La province indonesienne considère l'étiquetage électronique de certaines personnes atteintes du vih / sida


La province indonesienne considère l'étiquetage électronique de certaines personnes atteintes du vih / sida

Des rapports portent sur le fait que la province indonésienne de Papouasie envisage de adopter une loi qui obligerait certaines personnes «sexuellement agressives» avec le VIH / sida à avoir de petits dispositifs électroniques implantés sous leur peau afin qu'ils puissent être plus facilement identifiés, suivis et poursuivis s'ils Infecter délibérément les autres.

Bien que les législateurs soient en faveur du projet de loi, les agents de santé et les militants s'y opposent, l'appelant abominable et la violation des droits de l'homme.

Un activiste bien connu à Papouasie, Tahi Ganyang Butarbutar, a déclaré à la presse que les personnes atteintes du SIDA ne devraient pas être traitées comme des animaux et que leurs droits devraient être respectés, a déclaré un rapport de la Presse associée. Les opposants au projet de loi favorisent les dépenses croissantes en matière d'éducation sur le VIH / sida et l'utilisation du préservatif.

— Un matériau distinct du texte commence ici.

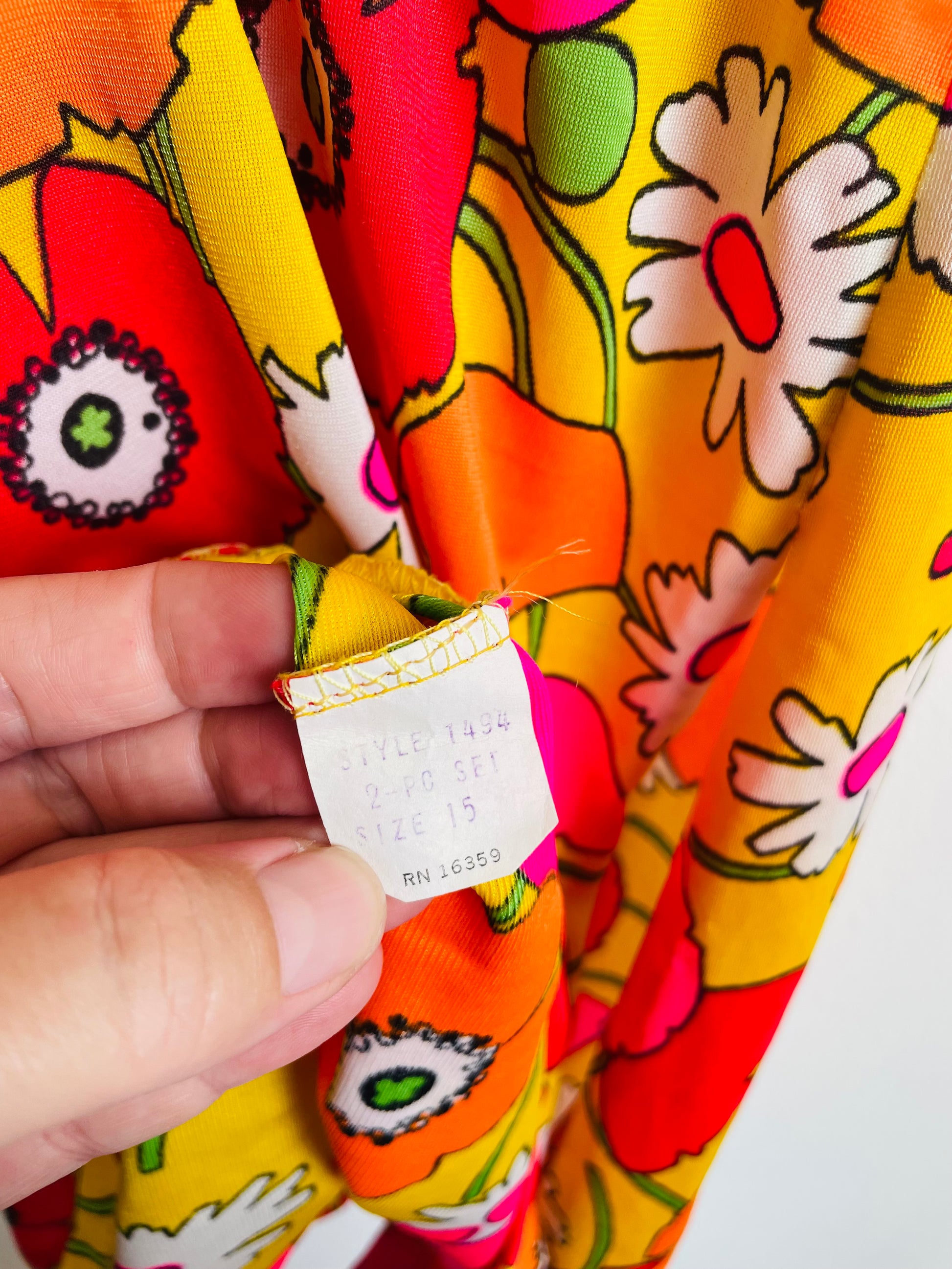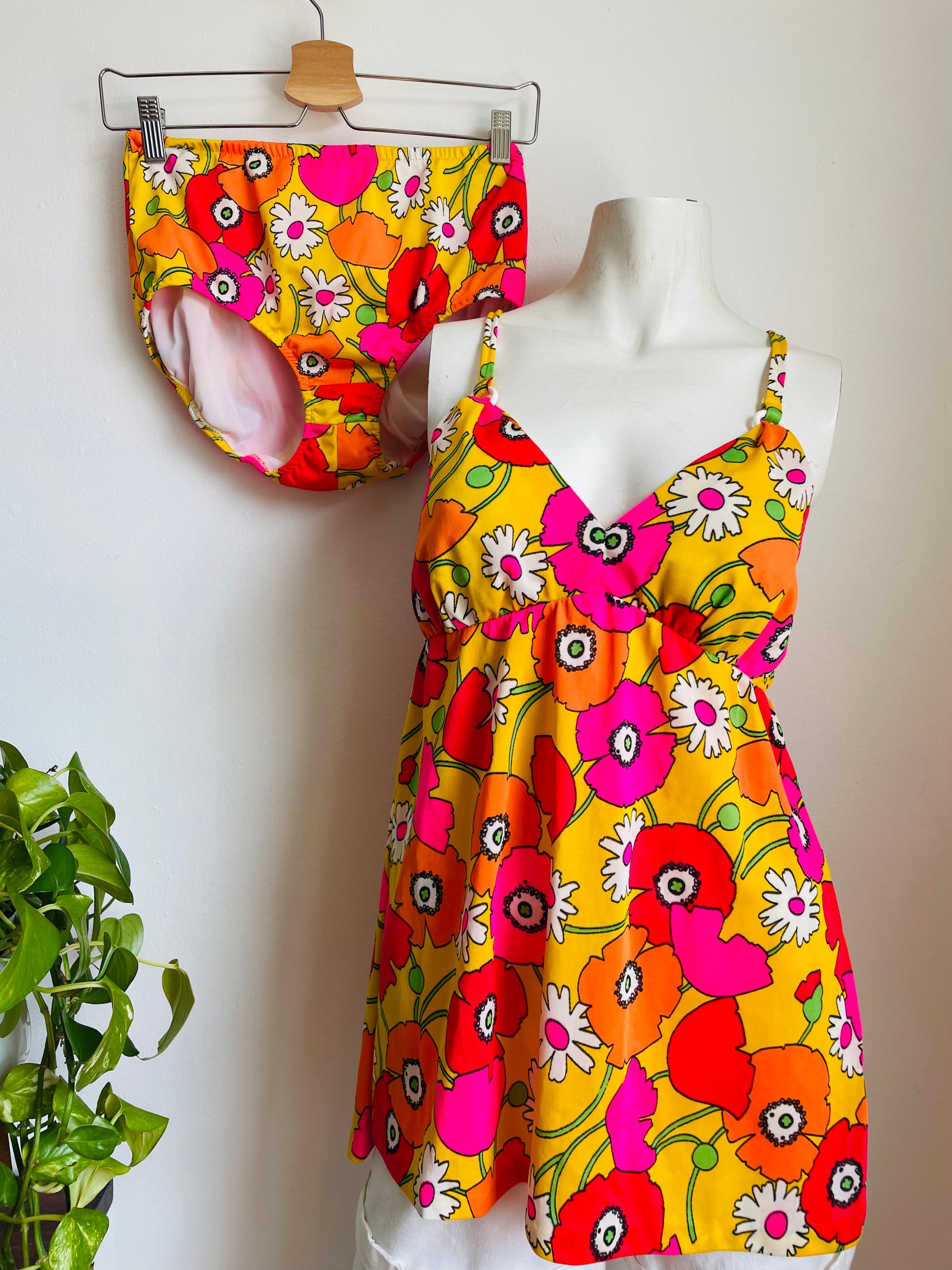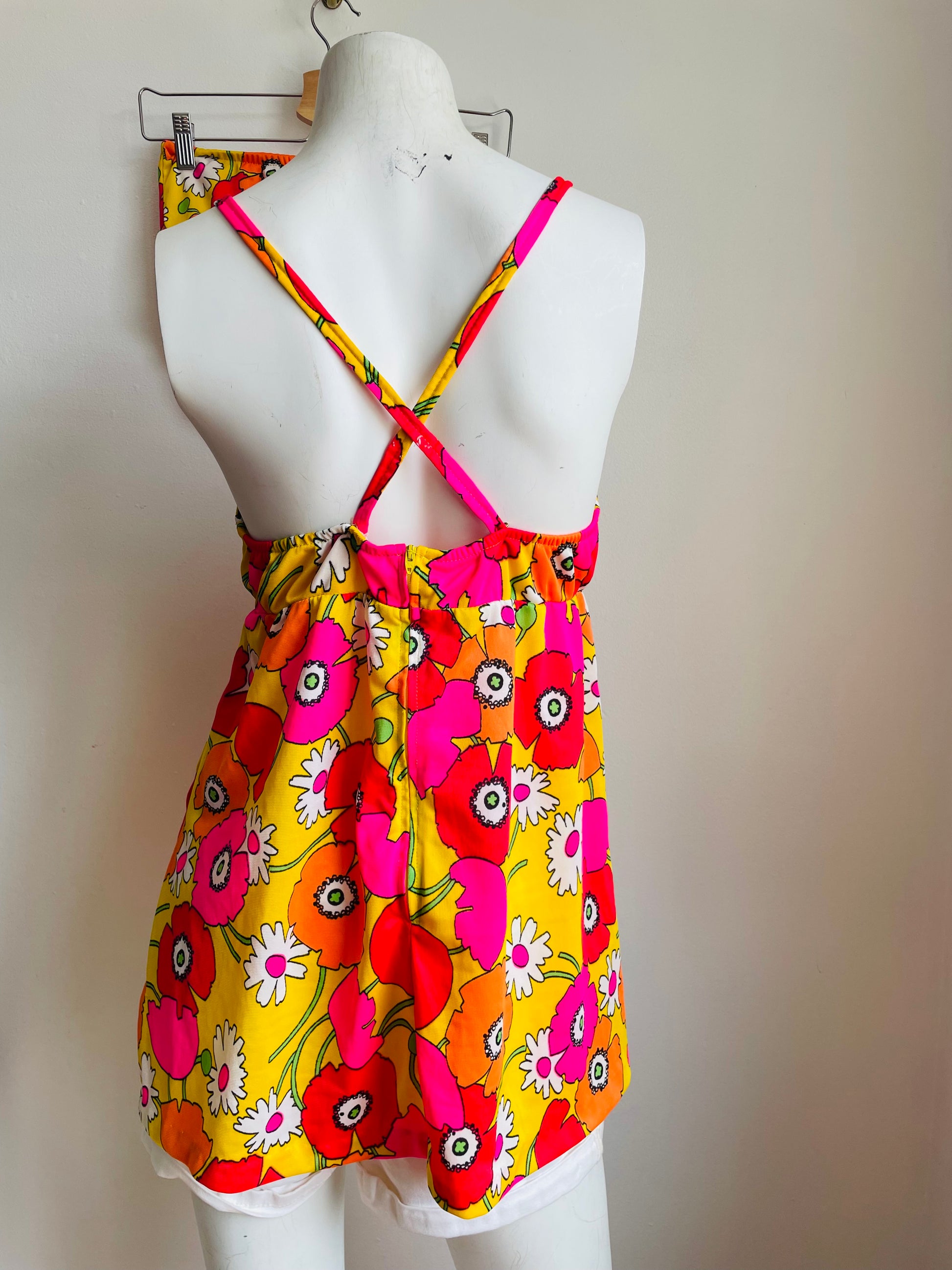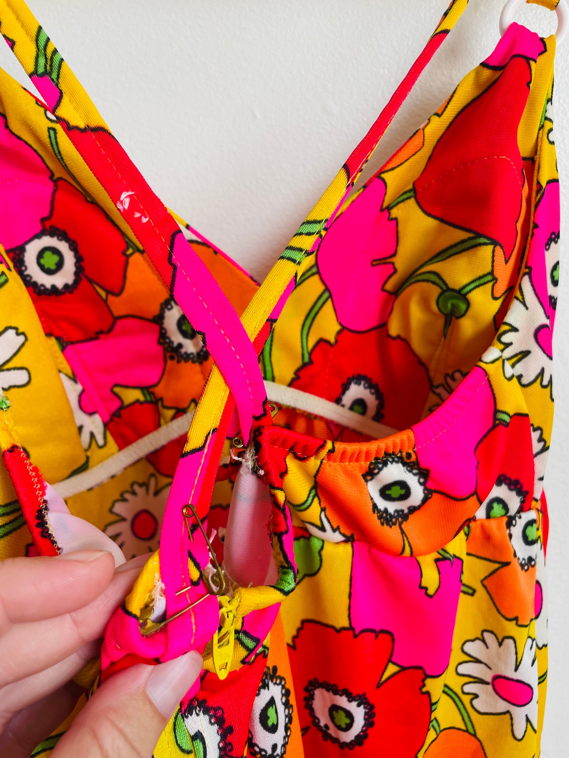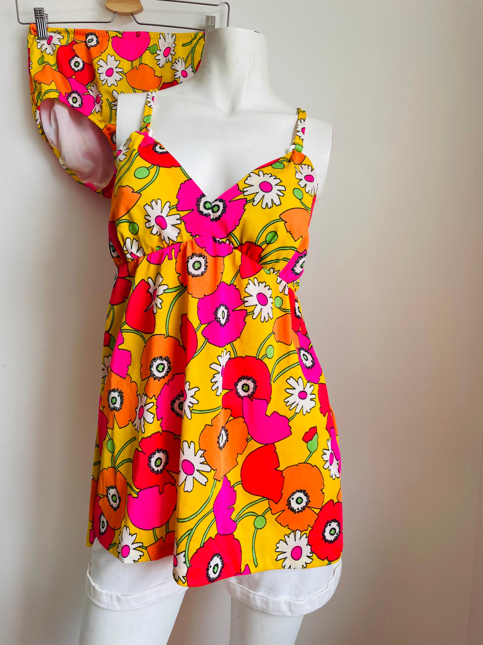Groovy Sears Junior Bazaar Two Piece Sun Lounge Set or Swimsuit with Bright Flower Pattern - Wear Separately or Together - Bottoms & Tank Top - Please Read

Avec une population de 235 millions d'habitants, l'Indonésie est le quatrième pays le plus important du monde et possède l'un des taux de croissance du VIH le plus rapide en Asie. La prostitution et l'usage de drogues sont considérés comme les principaux moteurs de l'infection à VIH en Indonésie. En Papouasie, les rituels tribaux qui encouragent l'échange de partenaires et le manque de formation sur le sida et les infections sexuellement transmissibles, ainsi que le manque de préservatifs, sont considérés comme des raisons particulières du taux élevé de propagation du VIH.

La Papouasie est la province la plus pauvre d'Indonésie et compte environ 2 millions de personnes. Une étude du gouvernement indonésien publiée l'année dernière a estimé que le taux d'infection par le VIH / sida en Papouasie est près de 20 fois la moyenne nationale, a rapporté Reuters.

Des législateurs comme John Manangsang ont déclaré aux journalistes que l'implantation d'une puce informatique sous la peau de patients atteints du VIH / SIDA susceptibles d'être «sexuellement agressifs» aiderait les autorités à surveiller leur localisation et à prouver si elles avaient délibérément infecté d'autres personnes, un crime Qui porte une peine de jusqu'à 6 mois de prison ou une amende lourde.

Selon l'Associated Press, Manangsang a déclaré que les détails doivent encore être réglés, mais il s'attendait pleinement à ce que le projet de loi passe et entre dans la loi le mois prochain. D'autres législateurs ont convenu, y compris Weynand Watari, qui a déclaré qu'une action extraordinaire était nécessaire pour résoudre une crise de santé extraordinaire.

Reuters a rapporté que Constan Karma, le chef de la Commission nationale de lutte contre le sida de Papouasie a été cité samedi par le journal Jakarta Post, affirmant que le plan violait les droits de l'homme.

Le coordonnateur de l'ONUSIDA pour l'Indonésie, Nancy Fee, a déclaré à l'Associated Press que l'ONU n'était pas au courant d'une telle législation ailleurs dans le monde et a déclaré qu'elle avait «de graves préoccupations» au sujet de l'idée de marquer les patients atteints du VIH / sida.